The Spiritual Life of Children, by Robert Coles (Houghton Mifflin, 358 pp.; $22.95, hardcover). Reviewed by Ken Steinken, a free-lance writer living in Rapid City, South Dakota.
For over three decades Robert Coles has interviewed children. The Harvard professor of psychiatry spoke with thousands to develop his five-volume Children in Crisis series and his follow-up works, The Moral Life of Children and The Political Life of Children. Through it all he says that he “couldn’t help but be impressed with the constant mention of religious matters.”

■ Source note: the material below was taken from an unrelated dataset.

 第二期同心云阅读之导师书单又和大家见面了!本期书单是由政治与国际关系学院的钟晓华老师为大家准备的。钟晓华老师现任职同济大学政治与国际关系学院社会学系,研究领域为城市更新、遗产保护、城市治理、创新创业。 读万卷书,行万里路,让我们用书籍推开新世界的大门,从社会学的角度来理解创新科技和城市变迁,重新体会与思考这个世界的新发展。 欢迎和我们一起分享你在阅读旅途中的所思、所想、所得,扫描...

Yet when rereading the transcripts of those interviews, he discovered that often he turned the conversations in another direction. Having been trained in psychoanalytic psychiatry, Coles recognized a hesitancy on his part to address religion, which Freud had called “a universal obsessional neurosis.”
“I had to look inward and examine my own assumptions,” admits Coles. He also corresponded with Freud’s daughter, Anna, who encouraged him to go back over his earlier work and look for what he might have missed.

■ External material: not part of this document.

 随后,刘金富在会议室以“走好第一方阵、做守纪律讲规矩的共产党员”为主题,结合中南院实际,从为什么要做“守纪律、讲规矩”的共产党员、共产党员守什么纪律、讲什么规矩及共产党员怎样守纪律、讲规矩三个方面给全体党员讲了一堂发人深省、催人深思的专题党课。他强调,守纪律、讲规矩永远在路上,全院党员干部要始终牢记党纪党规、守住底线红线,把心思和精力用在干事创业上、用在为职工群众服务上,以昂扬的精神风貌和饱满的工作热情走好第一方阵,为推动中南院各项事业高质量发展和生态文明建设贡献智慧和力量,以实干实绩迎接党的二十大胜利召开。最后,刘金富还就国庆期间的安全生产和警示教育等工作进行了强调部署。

Coles found religion is a resource, rather than an aberration, for children. It allows them to explore and understand the mysteries and meaning of life, and it makes up an aspect of their identities every bit as important as their intellectual, emotional, and physical dimensions. Coles’s research included interviews with over 500 children between the ages of 8 and 12 from the United States, Central and South America, Europe, the Middle East, and Africa, and from Christian, Jewish, Muslim, atheist, and agnostic homes.

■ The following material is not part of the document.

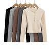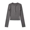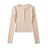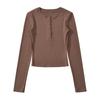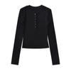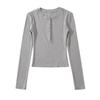 T-shirt de manga comprida estilo europeu e americano de pescoço redondo multi-botão para mulheres 2023 outono novo quente menina apertada emagrecimento camisa top

Listening to children, Coles learned of their magical and practical blend of faith, which Jesus commends in Mark 10:15 when he says, “Whoever does not receive the kingdom of God like a child shall not enter it.” In “nation after nation” boys and girls expressed an interest in Jesus’ miracles. Coles notes, “The stories of Jesus as someone who raised the dead, healed the lame, gave sight to the blind, appeal powerfully to children who have not yet acquired the everyday realism of their elders.”
Coles relies heavily on the words of the children to reveal their own spiritual lives. His selection of transcripts shows that children understand God in many different ways. To some he is very real. An eight-year-old girl from North Carolina told Coles in 1962 of an encounter she had during the desegregation movement. “I was alone, and those [segregationist] people were screaming, and suddenly I saw God smiling, and I smiled. A woman was standing [near the school door], and she shouted at me, ‘Hey, you little nigger, what you smiling at?’ I looked right at her face, and I said, ‘At God.’ She looked up at the sky, and then she looked at me, and she didn’t call me any more names.”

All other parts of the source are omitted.